0

Edit. My question can be reworded as: "How can I check, by command line, if different sources generate exacty the same .pdf layout?"

I'm improving some emacs scripts of mine that I wrote to remove comments and/or unused macros from the source .tex file.

Here's a sample or my code:

(save-buffer)
(call-process-shell-command
 (concat "latex \"\\let\\oldExecuteOptions\\ExecuteOptions\"\\\n"
     "\"\\def\\ExecuteOptions#1{\\oldExecuteOptions{#1,draft}}\"\\\n"
     "\"\\nonstopmode\\input{" (buffer-name) "}\";"
     "mv " (file-name-sans-extension (buffer-name)) ".pdf /tmp/"  ) nil nil)

;;; =========================================================================
;;; =========================== "COMMENT" AMBIENT ===========================
;;; =========================================================================

;;The "comment" ambient is defined in the "verbatim" e "comment packages"
(if (string-match-p "\\\\includecomment[\s\t\n]*{comment}" (buffer-string))
    (read-string "SOME WARNING HERE...")

  ;; *ELSE*
  (progn
    (goto-char (point-min))
    (while (search-forward-regexp "\\\\begin[\s\t\n]*{comment}" nil t)
      (save-excursion
    (let ((b (make-marker))
          (e (make-marker)))
      (set-marker b (match-beginning 0))
      (search-forward-regexp "\\\\end[\s\t\n]*{comment}" nil t)
      (set-marker e (point))
      (goto-char b)
      (unless (nth 4 (syntax-ppss))

        (comment-region b e))
      )))
    (save-buffer)
    (call-process-shell-command
     (concat "latex \"\\let\\oldExecuteOptions\\ExecuteOptions\"\\\n"
         "\"\\def\\ExecuteOptions#1{\\oldExecuteOptions{#1,draft}}\"\\\n"
         "\"\\nonstopmode\\input{" (buffer-name) "}\"" ) nil nil)
    )
  )

As can be seen:

  1. I first compile my source by passing the draft option by command line, saving/moving my output in the /tmp/ directory.
  2. Then I "comment" (with %) and remove the "comment" ambients from the source .tex file.
  3. Finally I compile my cleaned source, again with the draft option...

So I first have:

\documentclass[11pt]{article}
\pdfoutput=1
\usepackage{comment}
\usepackage{blindtext}

\pagestyle{empty}

\begin{document}

\blindtext

\begin{comment}

\blindtext

\end{comment}

\end{document}

and then

\documentclass[11pt]{article}
\pdfoutput=1
\usepackage{comment}
\usepackage{blindtext}

\pagestyle{empty}

\begin{document}

\blindtext

\end{document}

My question is: "How can I check by command line, if the layout has (or not) changed?".

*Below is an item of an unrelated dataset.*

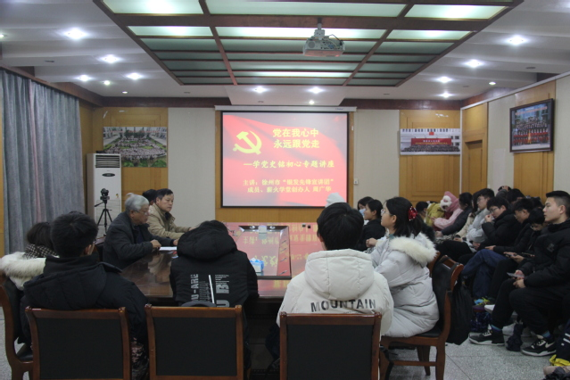 为深入贯彻落实习近平新时代中国特色社会主义思想,特别是习近平总书记关于党史、新中国史、改革开放史、社会主义发展史学习的重要讲话和指示精神,切实加强师生中国共产党党史、新中国史、改革开放史、社会主义发展史的学习教育,传承红色基因,伟德体育邀请原65集团军“红一师”政治部副主任、徐州日报社原副总编辑、高级记者周广华于2020年12月29日下午2:30给公司师生作“党在我心中,永远跟党走——学党史铭初心”的专题讲座。讲座由公司党委书记李浩主持,公司90位党员、入党积极分子师生到场聆听。

I tried to compare the two pdfs by command line:

cmp mydoc.pdf /tmp/mydoc.pdf

but it always says that the files are different. But I know the layout has unchanged.

If I try with diffpdf (a GUI program) it says "the pdfs appear to be the same" but, as I said, I need a command line solution. I mean I need to get the comparison result in the stdout of my terminal so I can use it in my scripts (e.g. with the emacs' shell-command-to-string fuction). I do not need (and I don't want) to visual check the layout in this stage.

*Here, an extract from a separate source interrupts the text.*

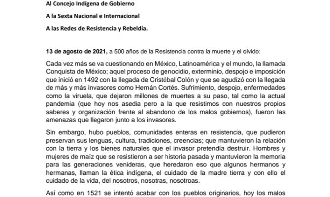 13 de agosto de 1521 – 13 de agosto de 2021 Al Ejército Zapatista de Liberación Nacional Al CCRI-CG-EZLN A la Comisión Sexta del EZLN Al SubComandante Insurgente Galeano Al “Escuadrón 421”,…

Please, let me know if I've been able to explain my purpose in a clear way.

NOTE. This is a dummy example but in some cases could be tricky to check if some changes will affect the layout.

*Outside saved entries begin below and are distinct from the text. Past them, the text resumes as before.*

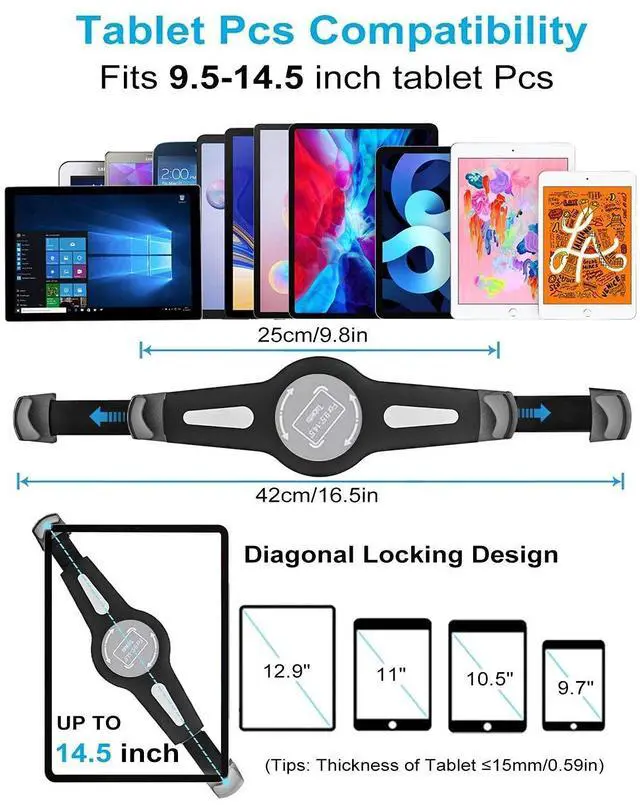Broad compatibilityThis universal non-slip tablet holder bracket fit large tablet. Compatible with all All 9.5~14.5 Inch tablets, such as new iPad Pro 9.7 / 10.5 / 11, iPad Air 2 / 3 / 4 / 5 / 6, iPad Mini 2 / 3 / 4 / 5 / 6 / 7, iPad 2024 / 2023 / 2022 / 2021 / 2020, iPad 10th / 9 / 8 / 7 / 6 / 5, Galaxy Tab S, Galaxy Tab A; Fire HD; Surface Pro / Go; Nexus Tablets; Android Tablet PC series.
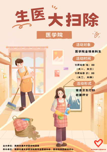 开展劳动教育是贯彻党的教育方针的重要举措,也是学生成长的必要途径,具有树德、增智、强体、育美的综合育人价值。为进一步引导广大学生树立正确劳动观念,培养积极主动的劳动态度,增强集体劳动意识,医学院开展了“生医大扫除”劳动教育实践系列活动,鼓励同学们动手实践、出力流汗,共同营造良好的校园生活环境。2023年11月16日,医学院青年志愿者协会和班团建设中心携手开展了第一期“生医大扫除”,全体医学院本科生参与。
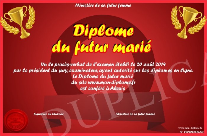 Envoyez par email votre Diplôme du futur marié personalisé

My considerations. After many attempts using a "file content" approach (I tried a faketime command approach (see here) but it works only with small and simple files) I'm convinced that I need a "layout approach". A tool like diffpdf (with the --appearance option) that could echo in the stdout could be the solution.

Gabriele
  • 1,815
  • 1
    I don't think you mean layout itself. The content of the document has changed and you can check this difference by something simple like a md5sum hash or similar programs or \pdfmdfivesum from within pdflatex itself. If there's a single white space character more or less than before the md5 hash sums will differ –  Aug 06 '17 at 23:17
  • @ChristianHupfer It's weird... The md5sum technique works with latex/dvi compilation but doesn't with pdflatex or latex/pdfoutput=1 compilation. – Gabriele Aug 06 '17 at 23:39
  • @ChristianHupfer I made some tests and I found that the md5sum hash of a .dvi file is related to the system clock. If I compile a file at 9:03 and then I compile again the same file at 9:04... I will get two different hashcodes. I suppose that the same happens with the pdflatex compiler but with a littler time interval. – Gabriele Aug 07 '17 at 07:07
  • 3
    pdftex inserts a creation date in the pdf, this will normally change at every compilation. See SOURCE_DATE_EPOCH and related subjects in the pdftex documentation. – Ulrike Fischer Aug 07 '17 at 07:21
  • In many pdf viewer it is fairly easy to copy the content of the entire pdf file as a text. Then you can compare the content of these texts. – Name Aug 07 '17 at 08:33
  • @Name Comparing texts isn't enough for my purpose. I need to check if the two pdfs are identical in any single detail. – Gabriele Aug 07 '17 at 08:43
  • If you copy the text of a page in sumatrapdf reader for example, not only the text is copied, but also the structure and formulas are also converted to some text. In my opinion it is worth to have a try. – Name Aug 07 '17 at 09:40
  • @Name Since I need to perform this operation in my "copy editor" workflow, this is a very sensitive issue. Also I need a fast command line solution that avoids me, in the most cases, to visual inspect the layout. – Gabriele Aug 07 '17 at 09:48

0 Answers0